# User:Hakerh400/How to calculate n-th digit of pi

In this article we explain the simplest and most intuitive (but not the optimal or fastest) way to calculate $n$ -th digit of $\pi$ after decimal point for any given non-negative integer $n$ . The reason that the author decided to write this article is because the author wants to show that we can compute anything computable as easy as we can describe it. In other words, if we can define what $\pi$ is, we can write a simple program to compute that number $\pi$ (assuming $\pi$ is computable). People usually think that computing digits of $\pi$ with arbitrary precision would require some advanced math formulas and proofs. However, we show in this article that no math formulas are needed, besides the definition of $\pi$ itself. All algorithms are explained in pseudocode.

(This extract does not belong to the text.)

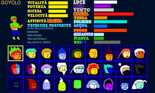 Nel videogioco Proiettile di Combattente puoi scegliere tra tanti personaggi unici con molte abilità, per combattere contro altri personaggi in una battaglia di proiettili. Proiettile di Combattente è come un gioco di combattimento, ma si usano soprattutto proiettili per determinare il risultato del match. I combattenti possono usare tanti elementi per i proiettili, inclusi luce, oscurità, vento, magma, terra, fulmine, acqua, fuoco, ghiaccio, piante e unico. Unico è applicato ai proiettili che non rientrano in altri tipi di elementi. Tutti gli elementi, ad eccezione di unico, hanno una debolezza (essi stessi sono deboli verso un altro elemento) e un opposto (un elemento che controbattono). Tutti i personaggi hanno un'affinità/un elemento che ne determina l'elemento più forte, elementi a cui essi resistono ed elementi che possono assorbire. I combattenti possono usare tecniche di base per attaccare, tirando proiettili in varie direzioni (verso l'alto in orizzontale o in diagonale verso il basso saltano) e possono difendersi, deviando o scansando i proiettili, saltandoci sopra e/o assorbendoli. I combattenti possono anche usare tantissime tecniche speciali per attaccare. Tutti i personaggi sono in grado di usare qualsiasi tecnica, ma sono più portati a usare le loro tecniche preferite. Leggi la guida presente nel gioco, per avere maggiori informazioni sulla meccanica, sulle tecniche e sulla terminologia associata al gioco. Proiettile di Combattente include musica e una lista di 7 tracce. I vari tipi di proiettile includono l'energia della luce, il vortice oscuro, il tornado, il legno (pianta), energia ki, diamante, raggio di energia, raggio oculare, onda d'urto, shuriken, energia e vortice del crepuscolo, stelle. I vari tipi di personaggi includono personaggi normali, androidi, maghi, spadaccini, ninja, ibridi, alieni e divinità. Ci sono diversi tipi di scenari che consistono in... Luminoso: cielo, sole splendente e nuvole. Scuro: una città di notte con grattacieli e una luna piena o crescente. Ventoso: un prato e un tornado fortissimo. Magma: un vulcano pieno di lava che erutta costantemente. La terra: un'area rocciosa con grandi montagne. Fulmini: pioggia e fulmini. Acqua: uno scenario con una cascata. Fuoco - fiamme blue. Ghiaccio: neve con suolo, montagne e pini ghiacciati. Piante - una foresta verde piena d'erba e alberi. Unico - spazio aperto, arcobaleno, corpi celesti, pianeti, un buco nero, la luna, il sole e tante stelle. Proiettile di Combattente è un gioco difficile che richiede buoni riflessi, reazione, pazienza e attenzione per vincere.

## Definition of $\pi$ Number $\pi$ can be defined in a lot of different ways. In this article we use the definition that $\pi$ is the number $4$ times larger than the number obtained by dividing the area of circle with radius $r$ by the area of square with side length $2r$ . Basically:

$\displaystyle \pi =4{\frac {A_{\text{O}}}{A_{\square }}}$ This definition is enough to make a program that can compute any digit of $\pi$ .

## Approach

First, in order to write such a program, we need to formally specify what we want. Given a non-negative integer $n$ , we want $n$ -th decimal digit of $\pi$ after decimal point ($1$ -indexed). It means that for $n=0$ our function must return $1$ , for $n=1$ our function must return $4$ , etc. So, we want to calculate the result of dividing the area of circle by the area of square, so that the error is smaller than $10^{-(n+1)}$ There are two problems:

1. How to calculate the area of circle without using $\pi$ ?
2. How to calculate quotient so that the rounding error is guaranteed to be smaller than some constant?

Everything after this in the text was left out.